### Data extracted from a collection
--

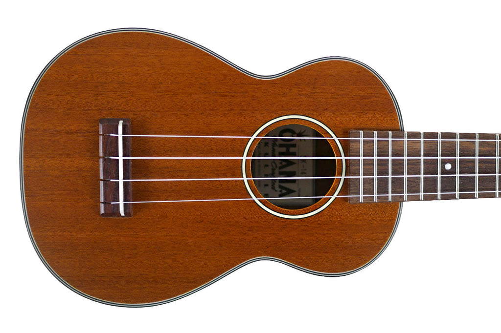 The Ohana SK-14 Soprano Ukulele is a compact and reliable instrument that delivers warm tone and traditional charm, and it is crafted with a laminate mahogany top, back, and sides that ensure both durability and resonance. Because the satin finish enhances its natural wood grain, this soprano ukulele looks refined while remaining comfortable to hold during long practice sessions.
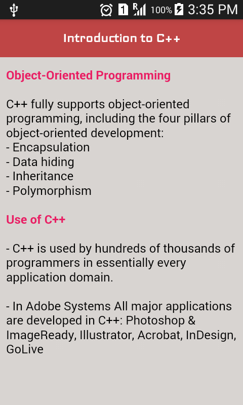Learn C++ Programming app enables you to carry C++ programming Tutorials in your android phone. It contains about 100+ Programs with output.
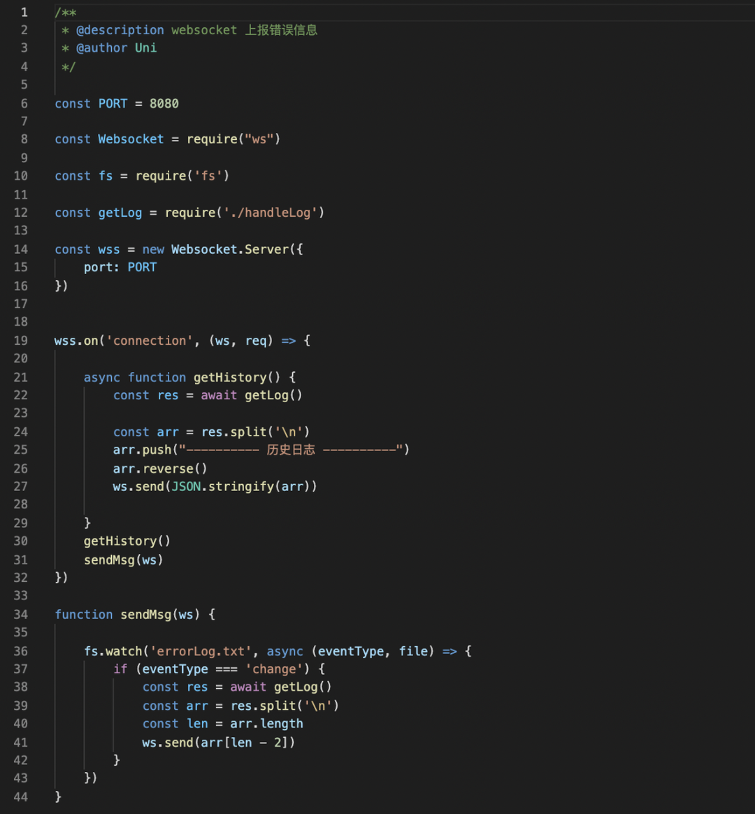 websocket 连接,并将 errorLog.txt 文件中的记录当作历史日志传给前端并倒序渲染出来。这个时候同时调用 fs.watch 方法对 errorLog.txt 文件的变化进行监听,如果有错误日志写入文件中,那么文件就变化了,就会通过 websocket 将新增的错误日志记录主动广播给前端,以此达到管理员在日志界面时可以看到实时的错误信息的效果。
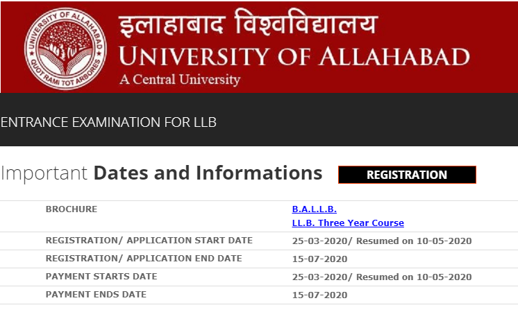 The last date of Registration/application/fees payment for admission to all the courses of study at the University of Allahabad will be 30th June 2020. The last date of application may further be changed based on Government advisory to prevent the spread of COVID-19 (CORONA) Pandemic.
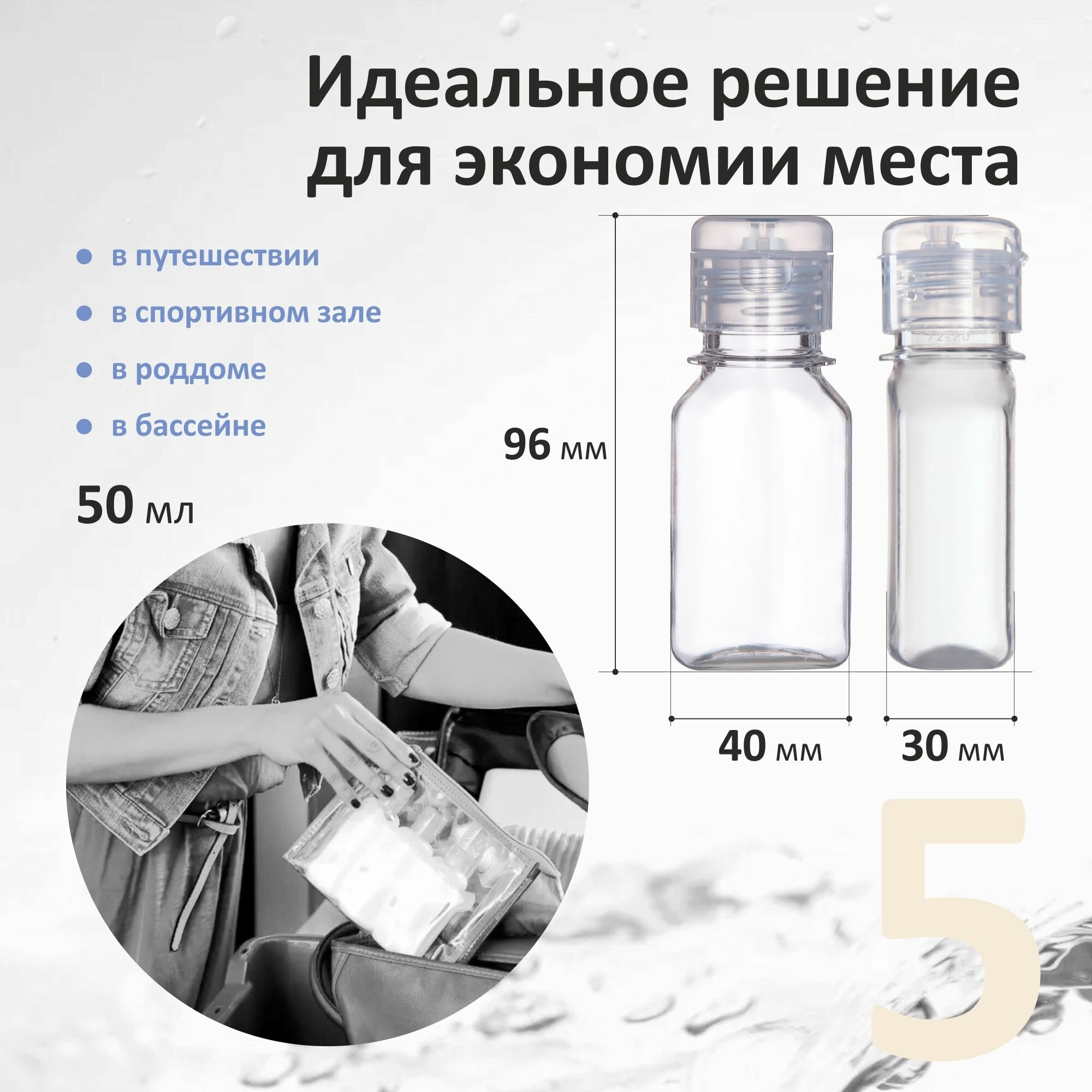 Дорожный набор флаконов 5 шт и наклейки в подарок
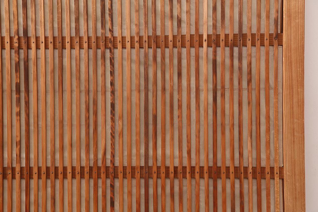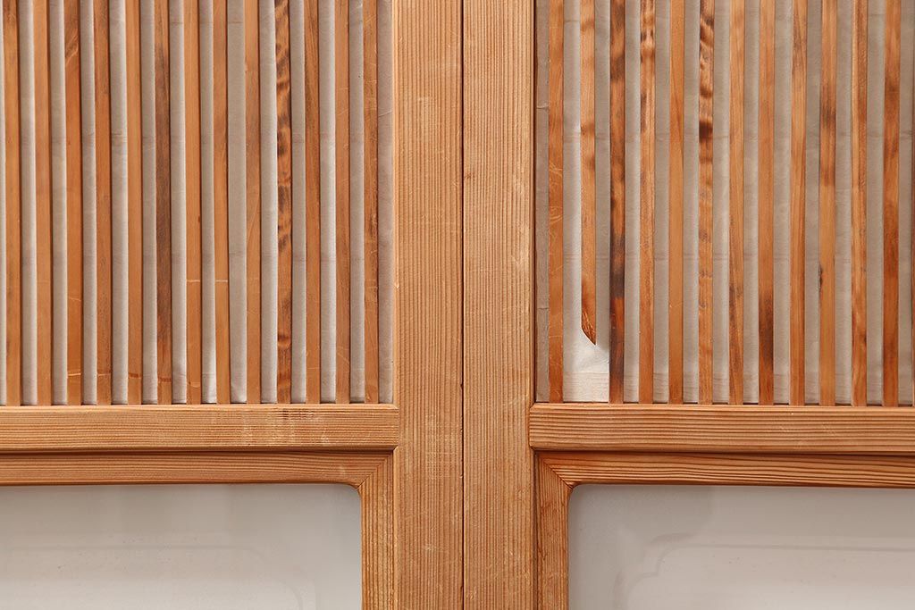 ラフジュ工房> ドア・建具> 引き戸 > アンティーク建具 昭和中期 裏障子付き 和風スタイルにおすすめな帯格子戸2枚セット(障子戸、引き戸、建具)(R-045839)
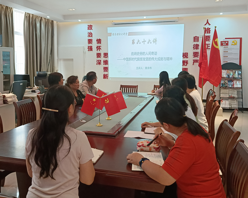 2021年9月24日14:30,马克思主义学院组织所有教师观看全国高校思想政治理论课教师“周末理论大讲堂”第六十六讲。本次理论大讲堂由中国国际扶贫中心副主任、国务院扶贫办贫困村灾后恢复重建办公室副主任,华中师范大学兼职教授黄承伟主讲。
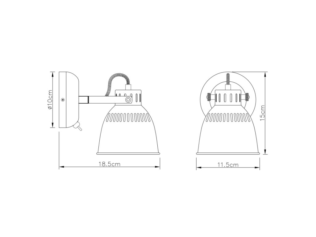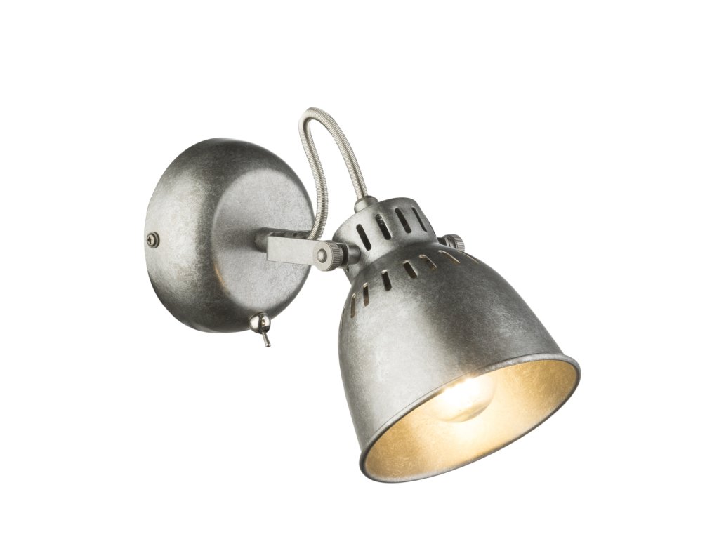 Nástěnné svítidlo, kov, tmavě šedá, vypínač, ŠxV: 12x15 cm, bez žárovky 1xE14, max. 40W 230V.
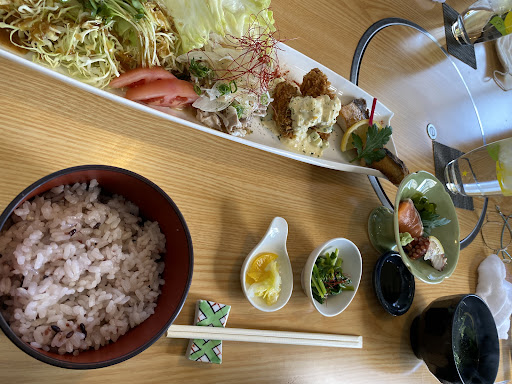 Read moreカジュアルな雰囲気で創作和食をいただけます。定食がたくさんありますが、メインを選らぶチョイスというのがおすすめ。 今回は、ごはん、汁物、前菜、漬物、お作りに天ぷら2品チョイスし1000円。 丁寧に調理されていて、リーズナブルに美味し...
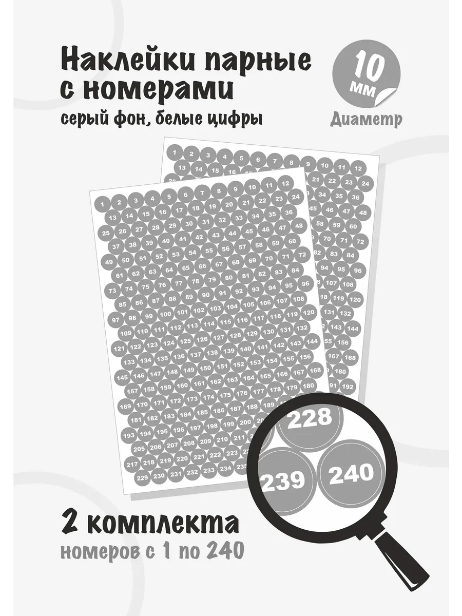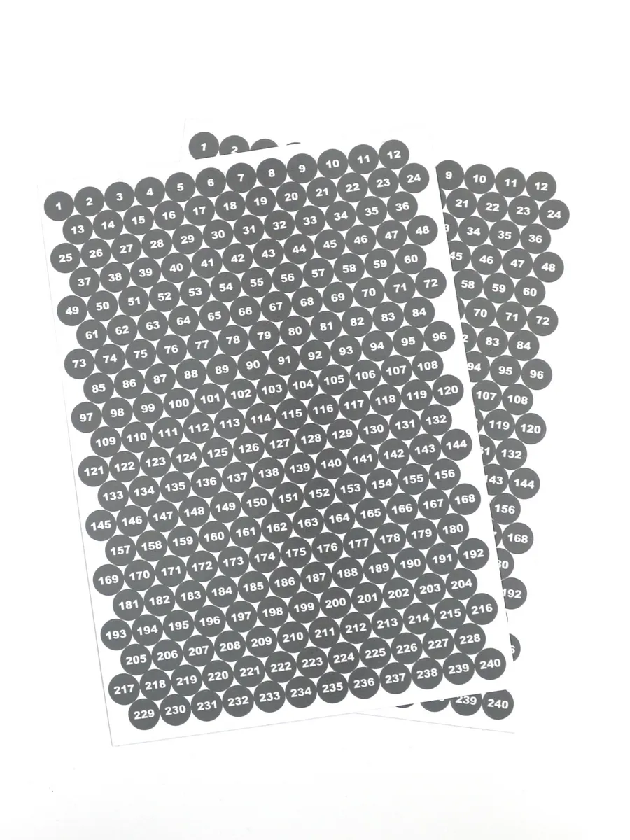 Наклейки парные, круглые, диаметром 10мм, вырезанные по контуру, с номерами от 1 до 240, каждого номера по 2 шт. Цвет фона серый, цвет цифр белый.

--

### PROBLEM
For this exercise, reproduce the data above exactly from the line containing "websocket 连接,并将 errorLog.txt" through its final line, both ends included, with no pictures in the copy.

### OUTPUT
 websocket 连接,并将 errorLog.txt 文件中的记录当作历史日志传给前端并倒序渲染出来。这个时候同时调用 fs.watch 方法对 errorLog.txt 文件的变化进行监听,如果有错误日志写入文件中,那么文件就变化了,就会通过 websocket 将新增的错误日志记录主动广播给前端,以此达到管理员在日志界面时可以看到实时的错误信息的效果。
 The last date of Registration/application/fees payment for admission to all the courses of study at the University of Allahabad will be 30th June 2020. The last date of application may further be changed based on Government advisory to prevent the spread of COVID-19 (CORONA) Pandemic.
 Дорожный набор флаконов 5 шт и наклейки в подарок
 ラフジュ工房> ドア・建具> 引き戸 > アンティーク建具 昭和中期 裏障子付き 和風スタイルにおすすめな帯格子戸2枚セット(障子戸、引き戸、建具)(R-045839)
 2021年9月24日14:30,马克思主义学院组织所有教师观看全国高校思想政治理论课教师“周末理论大讲堂”第六十六讲。本次理论大讲堂由中国国际扶贫中心副主任、国务院扶贫办贫困村灾后恢复重建办公室副主任,华中师范大学兼职教授黄承伟主讲。
 Nástěnné svítidlo, kov, tmavě šedá, vypínač, ŠxV: 12x15 cm, bez žárovky 1xE14, max. 40W 230V.
 Read moreカジュアルな雰囲気で創作和食をいただけます。定食がたくさんありますが、メインを選らぶチョイスというのがおすすめ。 今回は、ごはん、汁物、前菜、漬物、お作りに天ぷら2品チョイスし1000円。 丁寧に調理されていて、リーズナブルに美味し...
 Наклейки парные, круглые, диаметром 10мм, вырезанные по контуру, с номерами от 1 до 240, каждого номера по 2 шт. Цвет фона серый, цвет цифр белый.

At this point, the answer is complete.